# "Retiring" from SAT



## Isla Verde (Oct 19, 2011)

Since moving to Mexico in 2007, I have been working part-time as a free-lance English teacher and every month paid taxes to SAT. This is how I was able to get an FM3 lucrativa and renew it annually, which I did for 4 years. Last year I was granted a Residente Permanente card, which allows me to work legally but does not require that I do so to maintain my resident status. I have not been teaching for awhile and thus have not been paying taxes to the Mexican government. I've been in touch with my accountant here who has told me that he can in essence "retire" me from SAT over the internet, but that I should make sure it won't cause me any legal problems in the future.

I was wondering if any other forum members have been in this situation and what they did. Of course, I'm looking for anecdotal information, not legal advice.


----------



## TundraGreen (Jul 15, 2010)

Isla Verde said:


> Since moving to Mexico in 2007, I have been working part-time as a free-lance English teacher and every month paid taxes to SAT. This is how I was able to get an FM3 lucrativa and renew it annually, which I did for 4 years.

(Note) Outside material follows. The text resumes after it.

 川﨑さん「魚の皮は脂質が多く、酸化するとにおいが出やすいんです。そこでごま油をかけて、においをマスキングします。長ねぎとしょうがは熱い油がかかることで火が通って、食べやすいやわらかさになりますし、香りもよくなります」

Last year I was granted a Residente Permanente card, which allows me to work legally but does not require that I do so to maintain my resident status. I have not been teaching for awhile and thus have not been paying taxes to the Mexican government. I've been in touch with my accountant here who has told me that he can in essence "retire" me from SAT over the internet, but that I should make sure it won't cause me any legal problems in the future.
> 
> I was wondering if any other forum members have been in this situation and what they did. Of course, I'm looking for anecdotal information, not legal advice.

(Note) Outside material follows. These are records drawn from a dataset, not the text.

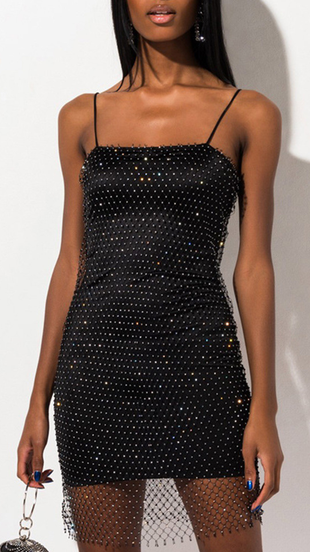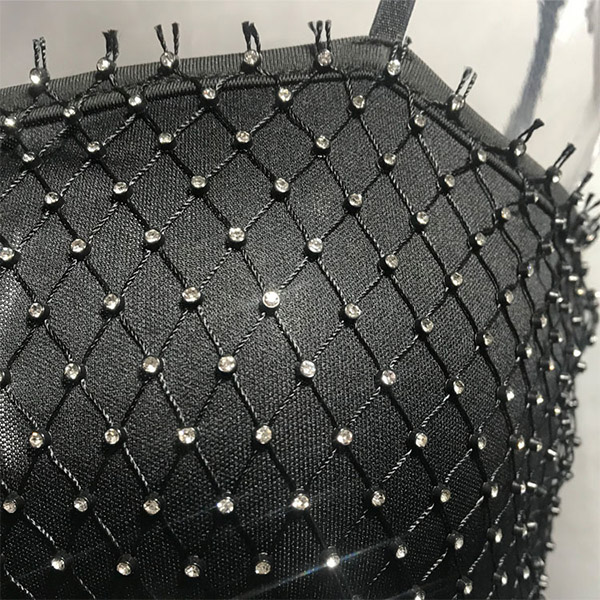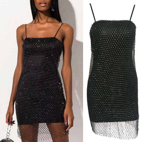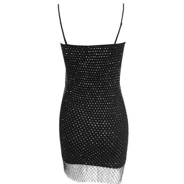 Bling-bling Rhinestone Net Spliced Slip Dress Party Dress
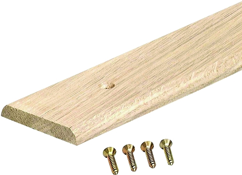 The 2-1/2 x 72 in unfinished hardwood seam binder easily covers a seam or gap between two flooring surfaces of equal height. Seam binders prevent carpet edges from fraying, vinyl floor seams from curling and creates a smooth transition between different flooring surfaces. Seam binders are easily secured to wood and concrete floors with provided screw nails. For installation on concrete floors use wooden pegs.
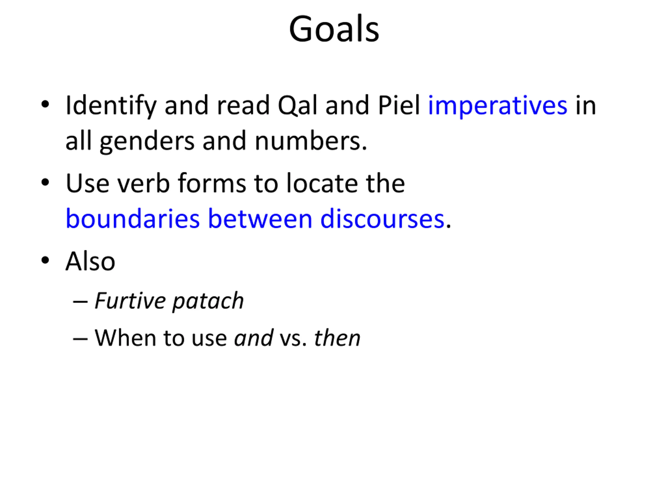 Goals Identify and read Qal and Piel imperatives in all genders and numbers. Use verb forms to locate the boundaries between discourses. Also Furtivepatach When to use and vs. then

I need to do that. I paid taxes in 2010 and 2011. Since then I haven't made any money but I haven't told SAT, nor have I filed for the past year and a half or two. I really need to talk to them. I am obviously not the one to give you advice.


----------



## GARYJ65 (Feb 9, 2013)

Most probably, what they do is to declare You in "suspension de actividades" I've done that and had no problems, unless...your bank account shows deposits on a regular basis, then you get a call from SAT


----------